Write every record below out exactly; no images.
---
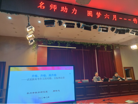 為了進一步提升語文教師的寫作教學水平和高三學生的寫作水平,4月28日下午,我校邀請了泰州市教育局教學研究室副主任周仕龍教授為全體高三學生和全校語文教師開設了“名師助力 ?圓夢六月——作文升格指導”講座。講座結束后,全校語文老師以論壇的形式和周主任進行了互動,周主任就作文升格教學中常見的問題和老師們展開了討論,并做了總結和指導。老師們受益匪淺,深覺講座和論壇對高三最后沖刺階段的作文教學起到了明確方向、鼓足士氣、提升水平的重要作用。
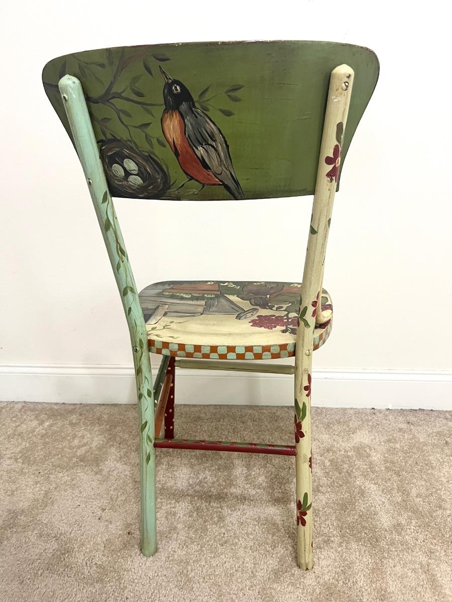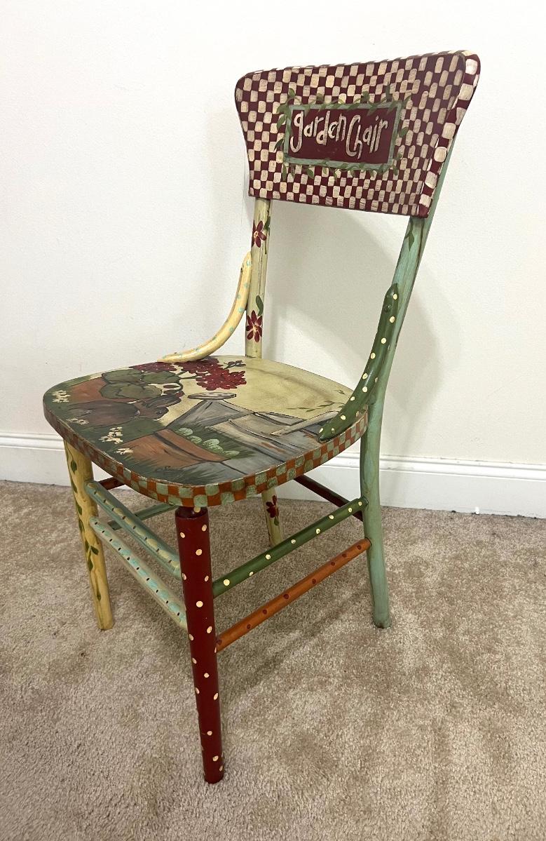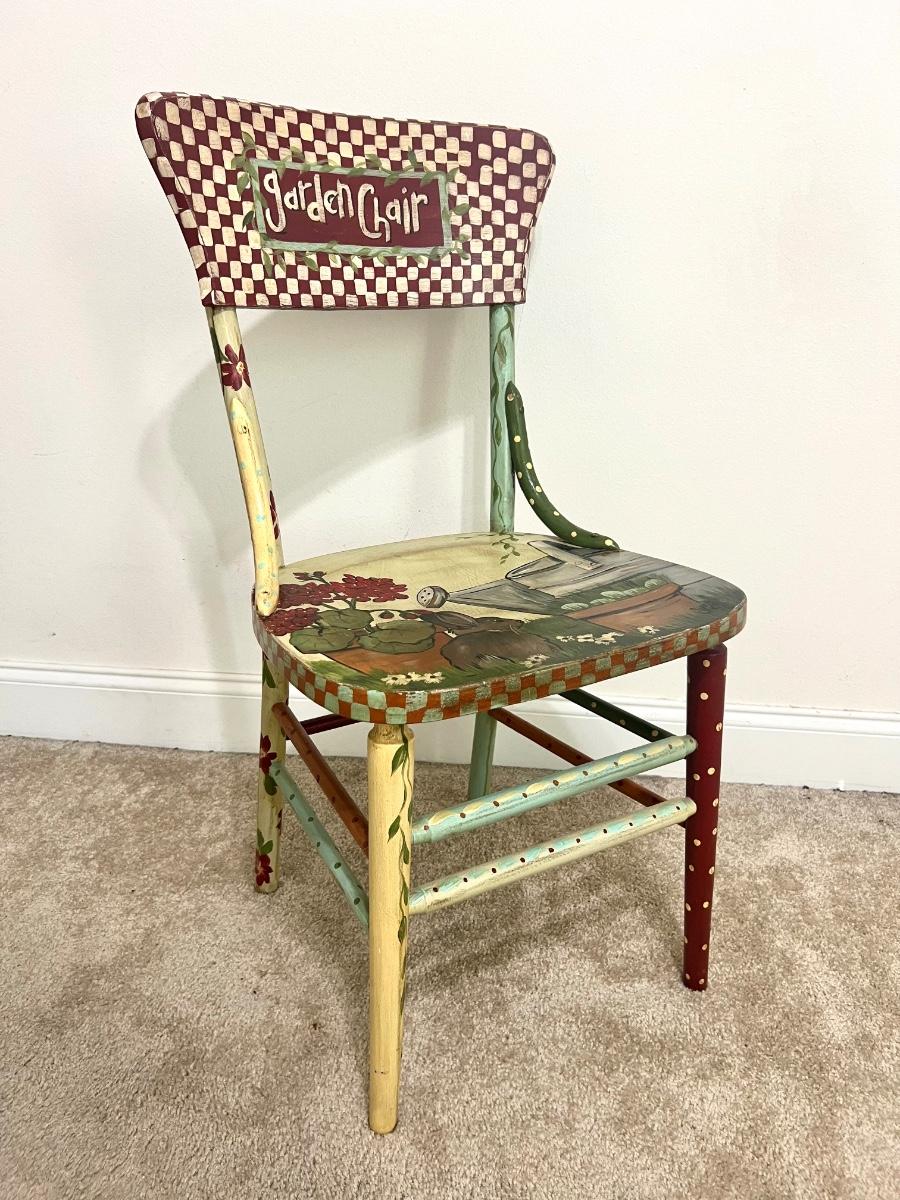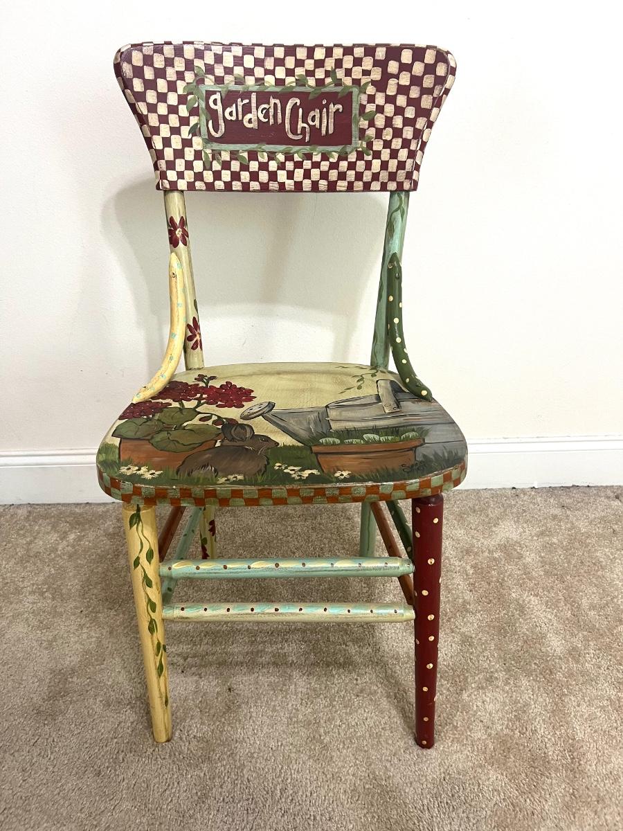 Hand Painted Wooden Accent Chair. Measures 34 1/2 inches tall, 17 inches wide and 18 1/2 inches deep. Floor to seat measures 17 1/2 inches.
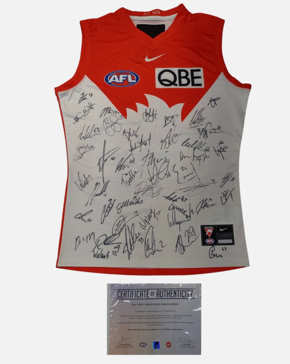 - A 2025 Sydney Swans team-signed jersey
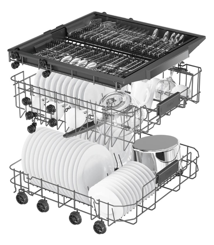 Корзина для столовых приборов достаточно высока, ввиду чего она устанавливается в нижнем коробе, где для нее предусматривается специальное место между разделителями для тарелок. Приборы в корзине могут размещаться как вниз, так и вверх рукоятками — это зависит от количества приборов и требований пользователя. Однако острые предметы — ножи или вилки — необходимо размещать острием вниз для предотвращения травм. Ножи рекомендуется размещать в корзинах с осторожностью, поскольку лезвия из керамики, например, могут затупиться. Чтобы избежать этого, следует использовать фирменные моющие средства и обязательно располагать ножи по отдельности, чтобы они не соприкасались с другими предметами.
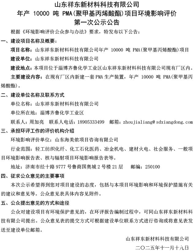 年产10000吨PMA(聚甲基丙烯酸酯)项目环境影响评价
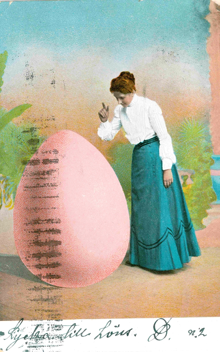 Vykort skickat till Kristina Andersson, född 1865 i Böda, syster till N J Andersson, när hon bodde i USA. Skrivet av Edvard Nilsson i Böda. På kortets nedre del står skrivet: "Lycka till Höns."
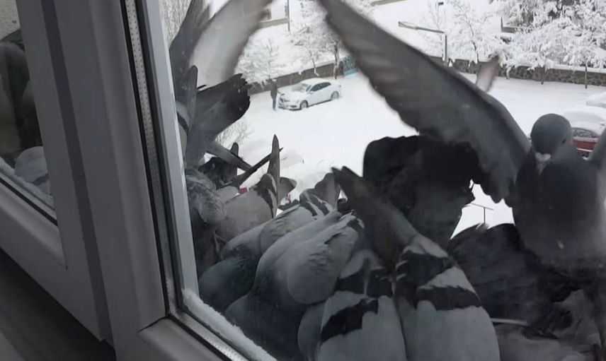 Pencere önünde toplanan güvercinler, yemlere ulaşabilmek için birbirleriyle rekabet etti; bu görüntüler, bölgedeki soğuk havanın yaban hayatı üzerindeki doğrudan etkisini ortaya koydu.
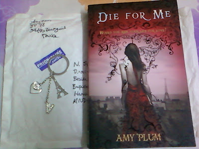 Today I am really Happy and super excited because i received a copy of DIE FOR ME by AMY PLUM and a cute “V” key chain in my mailbox while i am least expecting them(this is the first time i won and received a physical copy of a book!!).I received both of them as i won “Die For Me Grand Prize” in a giveaway hosted by Lisa at A Life Bound By Books.
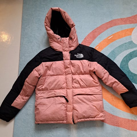 The North Face Annet yttertøy dunjakke i størrelse M for dame. Jakken er rød og laget med dun som isolasjonsmateriale.
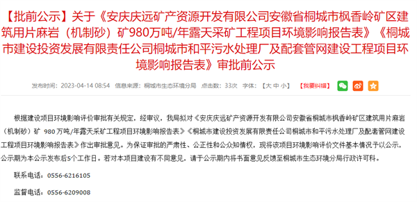4月14日,安徽省桐城市生態環境分局發布《安慶慶遠礦產資源開發有限公司安徽省桐城市楓香嶺礦區建筑用片麻巖(機制砂)礦980萬噸/年露天采礦工程項目環境影響報告表》審批前公示。
---
§ **Exercise solution**:
 為了進一步提升語文教師的寫作教學水平和高三學生的寫作水平,4月28日下午,我校邀請了泰州市教育局教學研究室副主任周仕龍教授為全體高三學生和全校語文教師開設了“名師助力 ?圓夢六月——作文升格指導”講座。講座結束后,全校語文老師以論壇的形式和周主任進行了互動,周主任就作文升格教學中常見的問題和老師們展開了討論,并做了總結和指導。老師們受益匪淺,深覺講座和論壇對高三最后沖刺階段的作文教學起到了明確方向、鼓足士氣、提升水平的重要作用。
 Hand Painted Wooden Accent Chair. Measures 34 1/2 inches tall, 17 inches wide and 18 1/2 inches deep. Floor to seat measures 17 1/2 inches.
 - A 2025 Sydney Swans team-signed jersey
 Корзина для столовых приборов достаточно высока, ввиду чего она устанавливается в нижнем коробе, где для нее предусматривается специальное место между разделителями для тарелок. Приборы в корзине могут размещаться как вниз, так и вверх рукоятками — это зависит от количества приборов и требований пользователя. Однако острые предметы — ножи или вилки — необходимо размещать острием вниз для предотвращения травм. Ножи рекомендуется размещать в корзинах с осторожностью, поскольку лезвия из керамики, например, могут затупиться. Чтобы избежать этого, следует использовать фирменные моющие средства и обязательно располагать ножи по отдельности, чтобы они не соприкасались с другими предметами.
 年产10000吨PMA(聚甲基丙烯酸酯)项目环境影响评价
 Vykort skickat till Kristina Andersson, född 1865 i Böda, syster till N J Andersson, när hon bodde i USA. Skrivet av Edvard Nilsson i Böda. På kortets nedre del står skrivet: "Lycka till Höns."
 Pencere önünde toplanan güvercinler, yemlere ulaşabilmek için birbirleriyle rekabet etti; bu görüntüler, bölgedeki soğuk havanın yaban hayatı üzerindeki doğrudan etkisini ortaya koydu.
 Today I am really Happy and super excited because i received a copy of DIE FOR ME by AMY PLUM and a cute “V” key chain in my mailbox while i am least expecting them(this is the first time i won and received a physical copy of a book!!).I received both of them as i won “Die For Me Grand Prize” in a giveaway hosted by Lisa at A Life Bound By Books.
 The North Face Annet yttertøy dunjakke i størrelse M for dame. Jakken er rød og laget med dun som isolasjonsmateriale.
4月14日,安徽省桐城市生態環境分局發布《安慶慶遠礦產資源開發有限公司安徽省桐城市楓香嶺礦區建筑用片麻巖(機制砂)礦980萬噸/年露天采礦工程項目環境影響報告表》審批前公示。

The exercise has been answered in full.